Вокруг было небо — не то, что снизу, а изнанка его, теплая и живая, вся в тихом шевелении света. Звезды здесь не висели — они плавали, как рыбы в черной воде, и переговаривались без слов. И одно место среди них пустовало. Маленькая лунка тьмы. Родное гнездо.
Устинья разжала ладони.
Звездочка помедлила. Потом вспыхнула — ярко, во всю силу, какой не было у нее с самого падения, — и поднялась. Задержалась у самого лица фонарщицы. И — Устинья могла поклясться — ткнулась ей в щеку, холодным, как поцелуй первого снега. Спасибо. И заняла свое место в пустой лунке, и небо стало целым.

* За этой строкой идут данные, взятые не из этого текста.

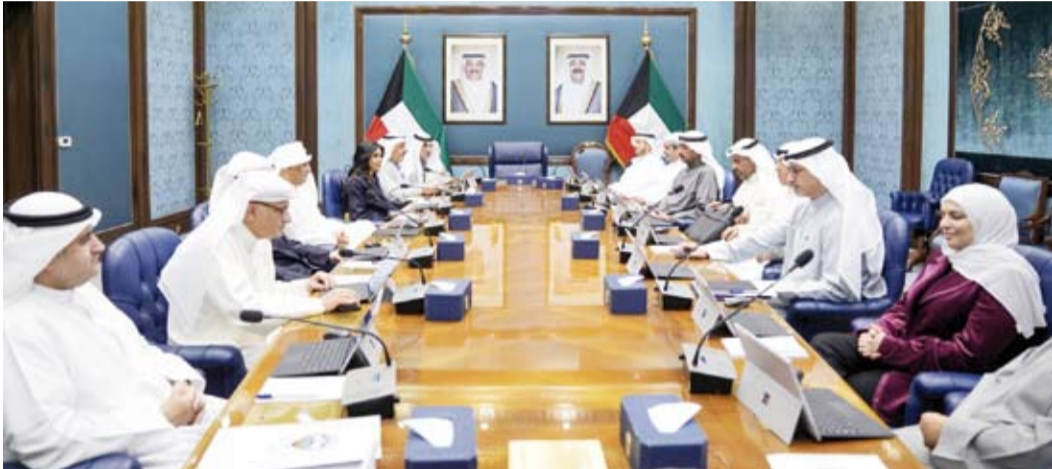
جانب من اجتماع مجلس الوزراء الأخير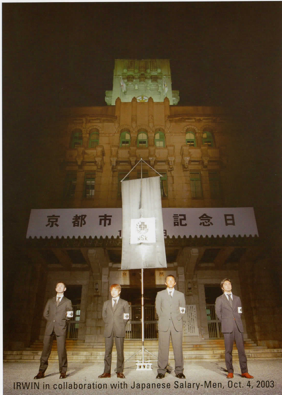
NSK Garda Kyoto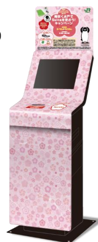
▲キャンペーン端末(イメージ)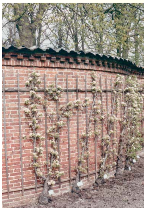
Een detail van de muur met leibomen. Zie hoe een en ander is uitgevoerd

De boom groeit matig sterk en vormt een pyramideachtige kroon.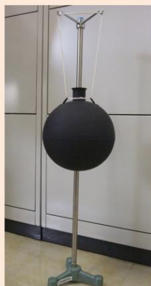
グローブサーモメーター (黒球・架台付)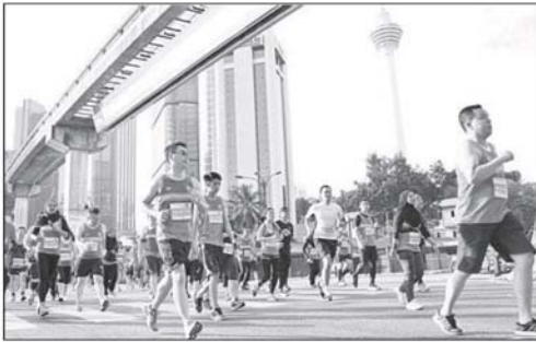
国内马拉松赛主办方强调，是否取消今年9月中至9月尾的马拉松赛事还言之过早，一切视赛事当天的空污情况而定。

Provided for client's internal research purposes only. May not be further copied, distributed, sold or published in any form without the prior consent of the copyright owner.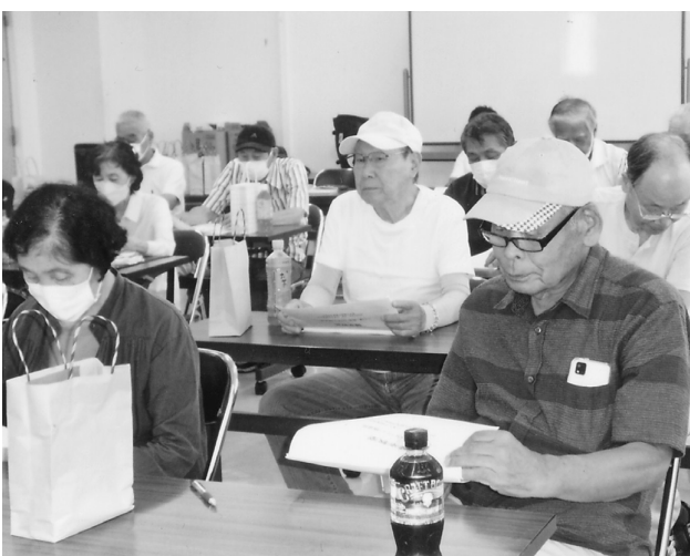
19人が参加した月向健康教室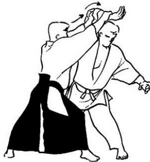
(Westbrook & Ratti, 2005)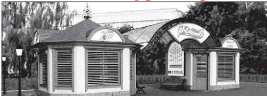
Так виглядатимуть нові зупинки громадського транспорту.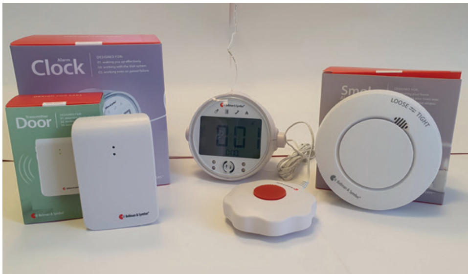
Dūmu detektors un domofona zvana detektors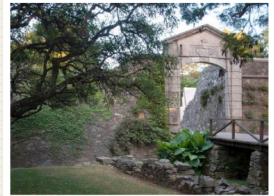
OUR PLACE The World Heritage Collection / http://whc.unesco.org/en/list/747/gallery/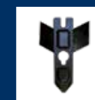
Sabot à ergots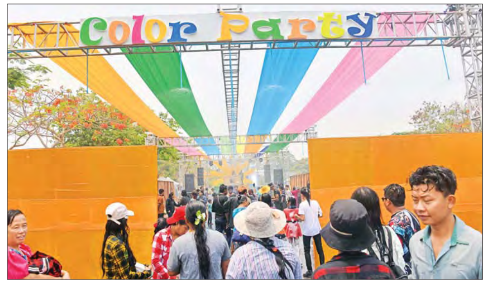
နေပြည်တော်လမ်းလျှောက်သင်္ကြန်၌ လာရောက်လည်ပတ်ကြသူများဖြင့် စည်ကားလျက်ရှိစဉ်။

ခဲ့ကြသည့်အပြင် သနပ်ခါးသင်္ကြန်ဇန်တွင် သနပ်ခါးများလိမ်းခြယ်ပြီး အတာသင်္ကြန်ကို ပျော်ရွှင်စွာ ပါဝင်ဆင်နွှဲ၍ ရအောင်စီစဉ် ဆောင်ရွက်ပေးထားခြင်း၊ တိုင်းရင်းသားသင်္ကြန်ဇန်တွင် တိုင်းရင်းသားရိုးရာ ယဉ်ကျေးမှုများကို ပြသထားပြီး တိုင်းရင်းသားညီအစ်ကို မောင်နှမများနှင့်အတူ ရေပတ်ကစားနိုင်ရန် စီစဉ်ဆောင်ရွက်ထားခြင်း၊ ဖျော်ဖြေရေးဇန်တွင် နိုင်ငံတကာအဆင့်မီ ဖျော်ဖြေတင်ဆက်မှုများနှင့် အလှပြပျော်ဖြေရေးအစီအစဉ်များ ထည့်သွင်း စီစဉ်ဆောင်ရွက်ထားခြင်း၊ လူကြီးများ ပါဝင်ဆော့ကစားနိုင်သည့် ရေလွှာလျှောစီးနှင့် ကလေးငယ်များအတွက် ပျော့အိကစားကွင်းများ ထည့်သွင်း တည်ဆောက်ထားခြင်းတို့ကြောင့် ပြည်သူများနှင့် ကလေးငယ်များပါ ပျော်ရွှင်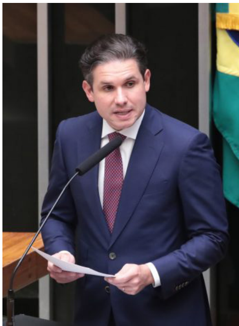
Presidente da Casa defende agenda voltada à nova economia, com foco em tecnologia.

O presidente da Câmara dos Deputados, Hugo Motta (Republicanos-PB), afirmou, nesta segunda-feira (2), que o Congresso Nacional vai aprofundar, ao longo de 2026, as discussões sobre a relação entre trabalhadores de aplicativos e plataformas digitais. A declaração foi feita durante a abertura do ano legislativo, em sessão solene que marcou o início dos trabalhos no Parlamento. Segundo Motta, o tema é estratégico para preparar o país para uma nova dinâmica econômica, baseada em tecnologia, inovação e investimentos sustentáveis. “Vamos aprofundar as discussões sobre a relação entre trabalhadores de aplicativos e plataformas digitais, buscando conciliar produtividade, direitos e desenvolvimento. Essa tarefa é indispensável para preparar o Brasil para uma nova economia”, afirmou.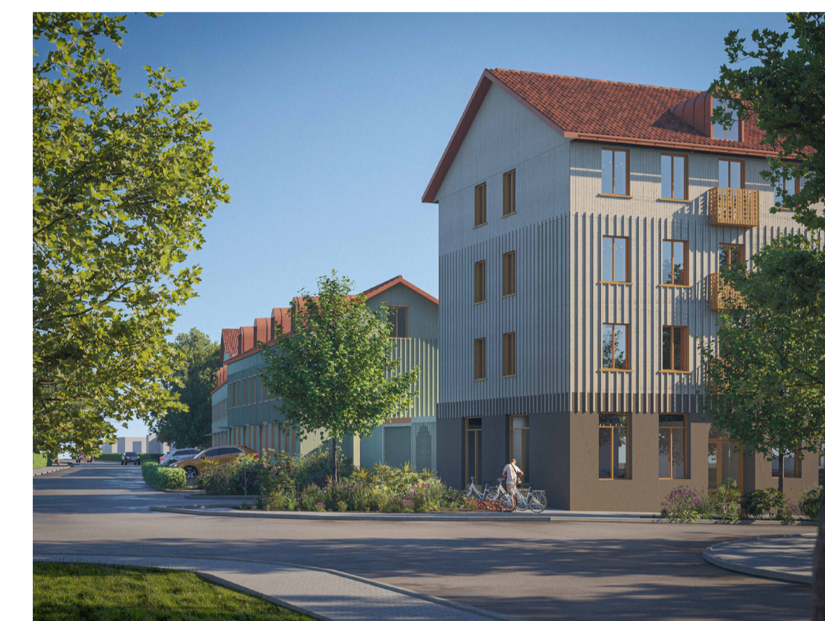
Planområdet mot Fjällbogatan och Frimästaregatan. Illustration: Okidoki arkitekter.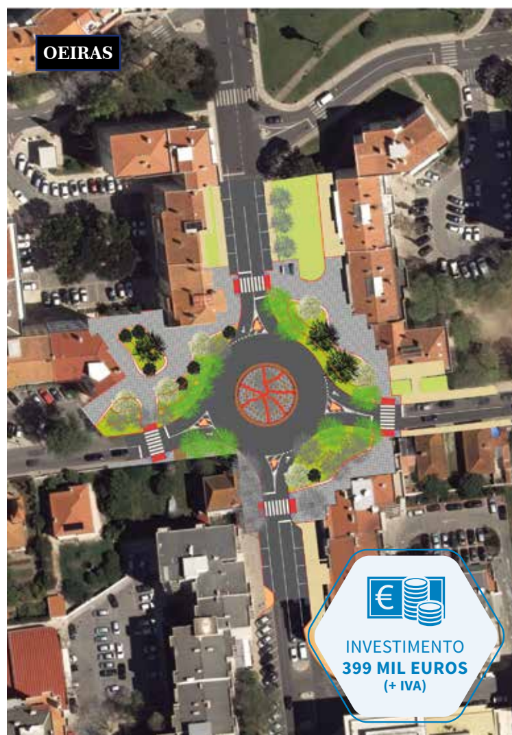
Proposta de reordenamento da Rua Oeiras do Piauí do Brasil, Avenida do Ultramar e Avenida Dr. Francisco Sá Carneiro, em Oeiras

Será ainda reforçada a arborização da zona, minimizando o impacto do corte de quatro árvores de grande porte existentes. As zonas verdes de enquadramento serão revestidas com herbáceas e pequenos arbustos, substituindo os atuais relvados, contribuindo para uma poupança nos custos de rega e manutenção.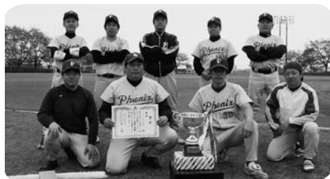
優勝したフェニックスの皆さん(写真1)

※紙面の都合上、投稿いただいた情報が必ずしも掲載できるとは限りませんので、ご了承ください。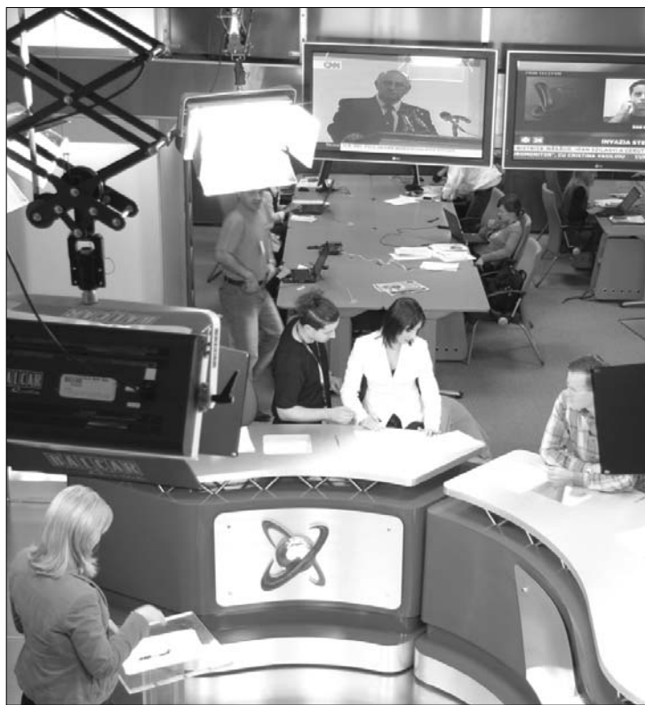
A Realitatea TV tíz év alatt nemcsak híreket adott, azok főszereplője is volt

A jelenleg a Realitatea Media sajtótröszt birtokában lévő adó évtizedes története alatt legalább annyira volt maga is a híradók szereplője, mint amennyire hírforrás. Ritka volt az olyan időszak, amikor a csatorna háza tája ne szövevényes üzletkötésektől, átláthatatlan tulajdonosváltásoktól, pénzmosások híréből, média és politika összefonódásától lett volna hangos. A „szemétbáróként” emlegetett Silviu Prigoană üzletember által 2001-ben alapított Realitatea TV történetében 2003-ig túl nagy port felkavaró események nem történtek. A tízéves évforduló alkalmával adott interjújában Prigoană a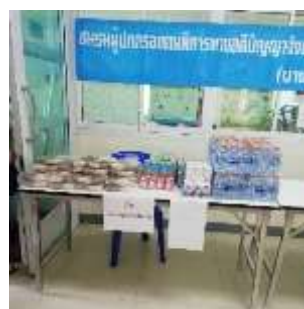
กิจกรรมวันขึ้นปีใหม่และวันเด็กแห่งชาติ ศูนย์การศึกษาพิเศษ ประจำจังหวัดนนทบุรี 10 ม.ค. 2563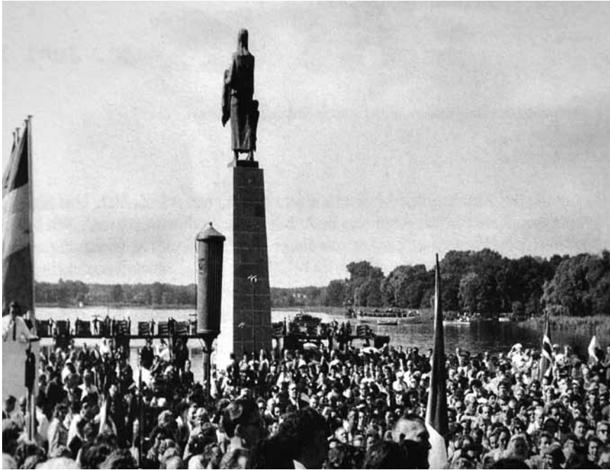
Afb. 11 Inwijding nationaal herinneringscentrum Ravensbrück in de DDR, 12 september 1959 met het monument 'Dragende'.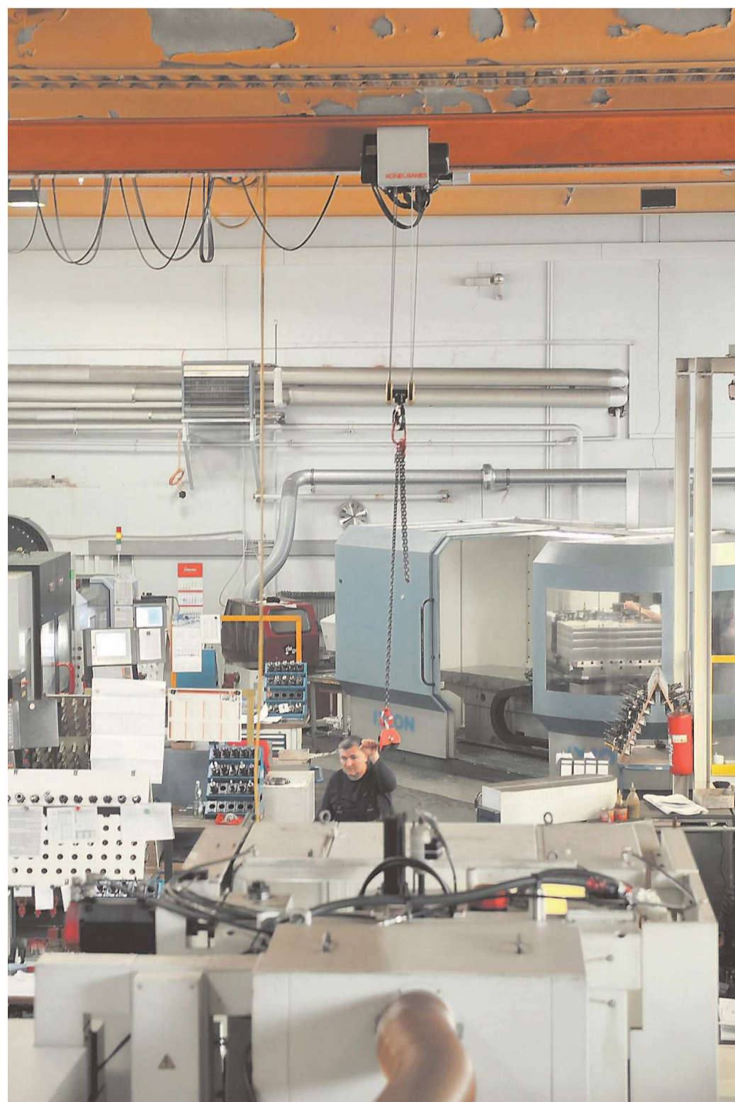
Ein Blick in die Werkhalle von D+S Werkzeugbau.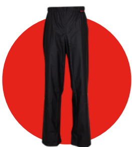
WARWICK 5300 Art. nr. 2.45.300.00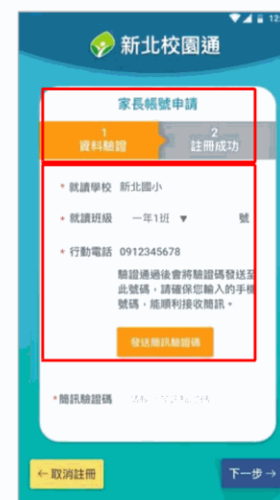
3. 雙重資料驗證 (子女資料比對、手機號碼簡訊驗證)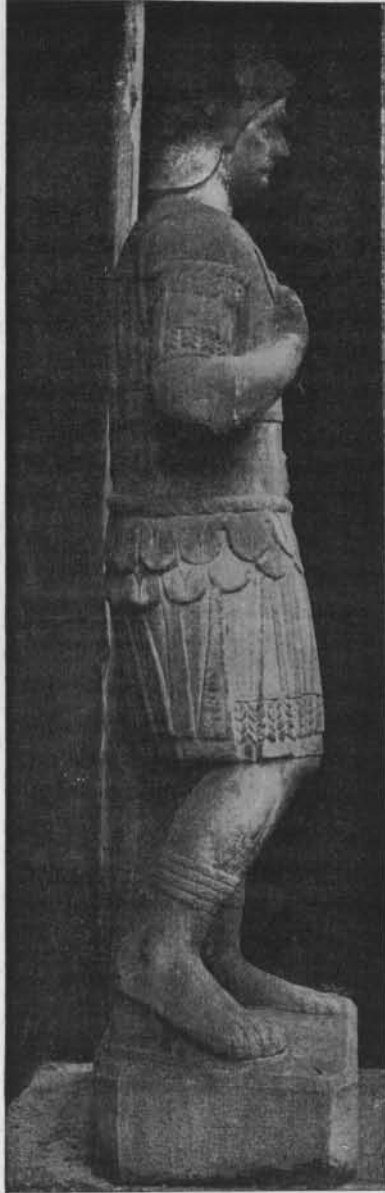
Fig. 5. — Guerrier de Cilli.

А потом звезда сделала то, чего фонарщица не просила. Потому и получила.
Одна тонкая нить света протянулась вниз, к спящему Выборгу, и легла на каждый из восьмидесяти двух фонарей. С той ночи они горят иначе — не резким желтым, а мягким, чуть голубоватым по краям, и в тумане светят так, что заблудившийся всегда найдет дорогу к дому. Люди не знают почему. Говорят — старые лампы, особый газ, финская еще работа. Пусть говорят.
Устинья спускалась по тающей лестнице и не помнила, как оказалась на булыжнике Крепостной. Колени не болели. Странно. Она не загадывала — а не болели.
Дома на печи спал кот. Обыкновенный рыжий кот с половиной уха. Он не открыл глаз, только мурлыкнул сквозь сон — по-кошачьи, без слов; ночь ста лет прошла, и звери снова замолчали до следующей.
Устинья легла, не разуваясь. За окном таял туман, светлела кромка залива, и восемьдесят два фонаря догорали в предутренней сини — тихо, ласково, каждый по чуть-чуть голубой.
Она уснула прежде, чем успела подумать хоть о чем-нибудь.
И спала крепко. Как человек, который донес.
Загрузка комментариев...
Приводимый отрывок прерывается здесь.